Carly Akins knew she wanted a better life. She was single, pregnant, and working in a convenience store that recently was robbed at gunpoint.
"I left. I said to myself that this baby is going to have something good," said Ms. Akins, 20. "Because of [the Source], he does."
Just months after first going through the doors of the one-stop employment center at 1301 Monroe St., Ms. Akins returned yesterday to help the agency celebrate one year of success stories. Now with a 14-month-old son, a factory job at Lake Erie Recycling, and the reliance on welfare in her past, Ms. Akins said she plans to continue making something of her life.
Officially opened June 17, 2004, the Source is a 29,000-square-foot office building that houses job training and placement programs offered through government and the business community as part of the county's Workforce Investment plan. Before coming together under one roof, all the services offered at the Source were spread out in different locations around the county.
Ms. Akins is one of the 2,072 people who are now working after being placed in jobs by the Source. Hundreds of the others have received assistance in the form of job training, college scholarship information, and a statewide database of available jobs.
It was at the computers in the Source's resource room that Candace Watkins sat yesterday doing research. The 38-year-old single mother of two moved to Toledo last week after being laid off from her job in Detroit. She said she heard that the city offered opportunities and that the Source was the way to access them.
After spending several years doing different types of jobs - including bus driving and working at the city department of public utilities - Ms. Watkins said she's interested in pursuing a career in nursing. Now she just needs the training.

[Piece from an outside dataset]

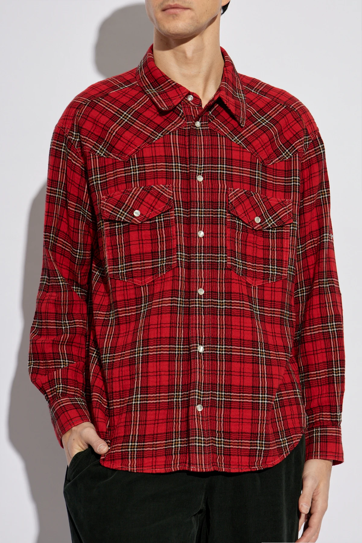 Introducing the Panema Shirt from the exclusive MARANT collection, a piece that epitomizes the seamless blend of casual elegance and contemporary style. This exquisite shirt features a classic cut with long sleeves and a standard collar, making it a timeless addition to any wardrobe. The dominant red plaid pattern, accented with black, white, and yellow lines, adds a splash of bold sophistication. Crafted from soft cotton, it promises unparalleled comfort and warmth, perfect for those seeking both style and ease. Distinctive details include two flap pockets on the front, secured with light buttons that contrast beautifully against the darker plaid backdrop. This casual shirt, tailored for men, is ideal for relaxed, everyday ensembles. Why Choose This Product? Designed by the renowned MARANT, renowned for its Parisian nonchalance and androgynous motifs. Features a unique red plaid design for a bold statement. Made from 100% soft cotton for supreme comfort and warmth. Includes convenient flap pockets for added functionality. Secured with stylish snaps for a modern twist.

"I've done some networking on my own because I'm sure this is the path I want to go," Ms. Watkins said.
The Workforce Investment Act of 1998 was designed to train workers to meet the labor needs of employers. It helps people who are out of work find jobs and provides training for others who want to acquire new skills so they can change careers. The program also has a component to help teenagers train for employment.
In May, Lucas County had a 6.6 percent unemployment rate. That rate was 7.1 percent in Toledo.
About 18,000 people have gone through the doors at the Source in the last year, officials said. After registering, the job seekers are directed to whatever services they feel they need, said Craig Gebers, who oversees the operations of the One-Stop center at the Source.
Of those people, about 9 percent had college degrees, 19 percent have had some sort of college experience, and 51 percent had high school diplomas or GEDs. About 15 percent of all people who come for assistance have not completed their high school education.
Mr. Gebers said that although staff members help as much as they can to give job seekers the tools they need, ultimately, success is up to each individual.
"Some people may have to look at more intensive services. We're here to help people see there are other things they have to do," he said. "Some people respond. Some people don't."
Lucas County Commissioner Pete Gerken said $1.5 million in state money has been spent over the past year for job development in the county. And unlike in the past, none of that money was sent back to Columbus.
"This is a human celebration," he said. "The Source works."